Try it
Write the lines below out exactly, dropping each picture.

BEGIN Dataset content

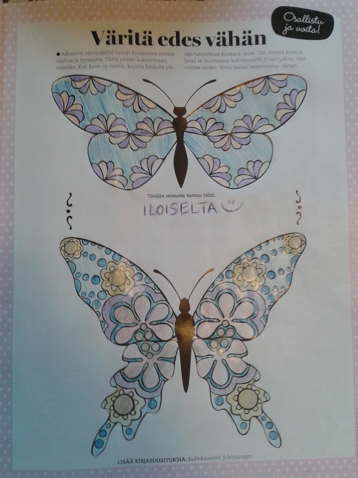 Mielenrauhaa aikuisten värityskirjasta - väritä perhoset ja voita!
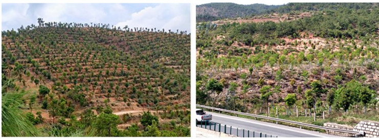 南华县认真贯彻落实省州高速公路路域环境绿化美化工作部署,本着因地制宜、适地适树的原则,在保留原有森林资源的基础上,实施林地绿化或景观改造。工作中严把规划设计、苗木质量、施工管理、抚育管护等关键环节,全面完成昆丽高速公路南华段路域环境绿化美化项目建设,在公路产权范围外两侧100m范围路域完成绿色廊道工程建设3811.1亩,实施造林小班225个,种植米径8cm以上云南樟、球花石楠、滇朴、栾树、三角枫、蓝花楹、垂柳等绿化苗木17万多株,目前苗木长势良好,打造了一条四季常绿、特点鲜明的绿色景观廊道,充分展示了生态文明建设成果。
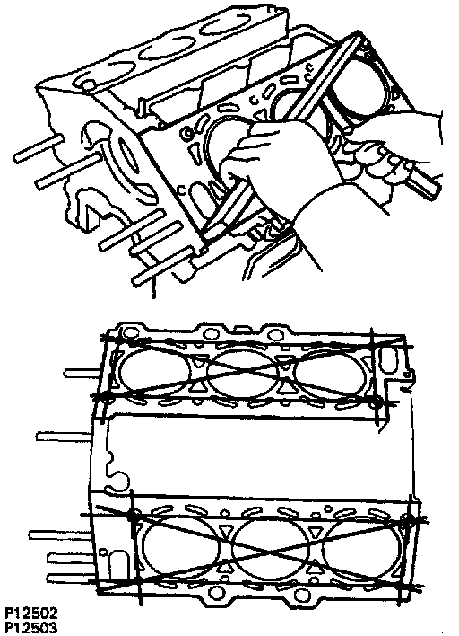 Using a gasket scraper, remove all the gasket material from the top surface of the cylinder block.

END Dataset content

Output for this exercise
 Mielenrauhaa aikuisten värityskirjasta - väritä perhoset ja voita!
 南华县认真贯彻落实省州高速公路路域环境绿化美化工作部署,本着因地制宜、适地适树的原则,在保留原有森林资源的基础上,实施林地绿化或景观改造。工作中严把规划设计、苗木质量、施工管理、抚育管护等关键环节,全面完成昆丽高速公路南华段路域环境绿化美化项目建设,在公路产权范围外两侧100m范围路域完成绿色廊道工程建设3811.1亩,实施造林小班225个,种植米径8cm以上云南樟、球花石楠、滇朴、栾树、三角枫、蓝花楹、垂柳等绿化苗木17万多株,目前苗木长势良好,打造了一条四季常绿、特点鲜明的绿色景观廊道,充分展示了生态文明建设成果。
 Using a gasket scraper, remove all the gasket material from the top surface of the cylinder block.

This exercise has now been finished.